The solution: Together, many boulders can join to fight a cosmic headwind that otherwise would doom them.
Surely writer Dave Mosher did not mean to imply literally that boulders were conspiring to defend themselves from doom. But the problem is evident: without some sort of ad hoc speculation to insert into the models, astronomers know that small pieces of dust and rock don’t naturally form planets. They fall into the star in a very short time. Alan Boss, another modeler, agreed with this characterization: “Overall, the calculations present an encouraging approach to understanding how something happened that we know must have happened, at least for the terrestrial planets.” (The article continued by saying that the gas giants need another mechanism to form.)

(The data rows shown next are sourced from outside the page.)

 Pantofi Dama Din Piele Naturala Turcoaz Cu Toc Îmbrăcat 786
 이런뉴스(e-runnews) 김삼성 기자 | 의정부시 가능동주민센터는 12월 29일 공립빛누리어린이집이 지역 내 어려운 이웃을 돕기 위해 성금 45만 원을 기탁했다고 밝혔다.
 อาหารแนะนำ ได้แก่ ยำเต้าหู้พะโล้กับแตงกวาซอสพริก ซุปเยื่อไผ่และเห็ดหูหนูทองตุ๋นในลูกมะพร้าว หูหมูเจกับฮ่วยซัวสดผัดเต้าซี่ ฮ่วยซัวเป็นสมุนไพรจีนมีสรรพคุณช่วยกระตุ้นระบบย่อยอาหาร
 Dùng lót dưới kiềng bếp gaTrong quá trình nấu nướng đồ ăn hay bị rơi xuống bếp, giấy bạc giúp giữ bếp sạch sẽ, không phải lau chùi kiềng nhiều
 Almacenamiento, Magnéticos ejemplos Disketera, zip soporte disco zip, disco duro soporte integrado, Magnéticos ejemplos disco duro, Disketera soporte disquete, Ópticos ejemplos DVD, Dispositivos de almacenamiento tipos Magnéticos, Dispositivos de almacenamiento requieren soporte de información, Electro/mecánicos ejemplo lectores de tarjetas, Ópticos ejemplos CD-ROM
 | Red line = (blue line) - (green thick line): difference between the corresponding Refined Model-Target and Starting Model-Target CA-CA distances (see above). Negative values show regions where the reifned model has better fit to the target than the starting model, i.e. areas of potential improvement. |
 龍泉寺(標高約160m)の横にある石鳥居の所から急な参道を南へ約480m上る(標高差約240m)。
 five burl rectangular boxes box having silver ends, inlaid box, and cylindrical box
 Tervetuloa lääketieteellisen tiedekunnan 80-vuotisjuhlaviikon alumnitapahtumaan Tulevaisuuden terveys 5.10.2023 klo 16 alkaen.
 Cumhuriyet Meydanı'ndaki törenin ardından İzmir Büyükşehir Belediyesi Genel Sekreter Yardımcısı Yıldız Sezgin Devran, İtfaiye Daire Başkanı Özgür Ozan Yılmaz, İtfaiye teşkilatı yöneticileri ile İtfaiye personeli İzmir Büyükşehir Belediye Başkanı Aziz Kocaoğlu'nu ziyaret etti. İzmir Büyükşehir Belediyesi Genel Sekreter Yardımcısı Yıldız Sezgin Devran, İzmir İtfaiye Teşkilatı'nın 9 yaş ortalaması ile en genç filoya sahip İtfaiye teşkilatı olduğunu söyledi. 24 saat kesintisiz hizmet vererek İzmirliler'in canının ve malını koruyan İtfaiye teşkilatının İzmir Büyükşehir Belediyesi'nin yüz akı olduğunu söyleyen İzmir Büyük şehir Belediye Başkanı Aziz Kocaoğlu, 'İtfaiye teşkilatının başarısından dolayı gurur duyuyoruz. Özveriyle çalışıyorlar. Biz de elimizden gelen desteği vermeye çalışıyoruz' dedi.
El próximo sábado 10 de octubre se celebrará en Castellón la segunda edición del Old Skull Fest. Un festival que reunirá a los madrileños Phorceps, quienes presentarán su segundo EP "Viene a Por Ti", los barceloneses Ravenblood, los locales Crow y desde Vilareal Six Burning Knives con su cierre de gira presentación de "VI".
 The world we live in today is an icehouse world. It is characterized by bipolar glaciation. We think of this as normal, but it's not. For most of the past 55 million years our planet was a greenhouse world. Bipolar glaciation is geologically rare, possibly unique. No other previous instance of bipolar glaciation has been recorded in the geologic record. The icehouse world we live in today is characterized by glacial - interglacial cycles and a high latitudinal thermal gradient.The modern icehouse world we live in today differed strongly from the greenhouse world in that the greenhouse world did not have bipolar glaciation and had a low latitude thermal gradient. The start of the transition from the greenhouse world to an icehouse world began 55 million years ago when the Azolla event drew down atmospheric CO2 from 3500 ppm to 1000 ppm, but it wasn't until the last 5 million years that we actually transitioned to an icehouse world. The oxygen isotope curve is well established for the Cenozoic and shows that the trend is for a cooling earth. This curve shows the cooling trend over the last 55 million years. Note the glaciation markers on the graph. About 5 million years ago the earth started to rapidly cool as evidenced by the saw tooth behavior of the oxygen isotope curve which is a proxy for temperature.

For small dust grains and rocks in orbit, the game is over in just a few hundred times around the merry-go-round with the vacuum cleaner in the center making a large sucking sound. Mac Low said his explanation was like a group of semi trucks on a highway creating “a friendly pocket of air behind it that other semis can travel in without using up as much fuel.” Still, he has to have the small rocks combine into planetesimals large enough to attract more material by gravity. The new model is far from a complete theory. At this point, it is a little more than a chuckle during the usual grief session.
This is a real-life demonstration of the Harris cartoon that shows a scientist doing a derivation with complex equations on the blackboard, with one intriguing step inserted, “Then a miracle occurs.” Titling this story “Planet Formation Mystery Solved” yields an even bigger chuckle.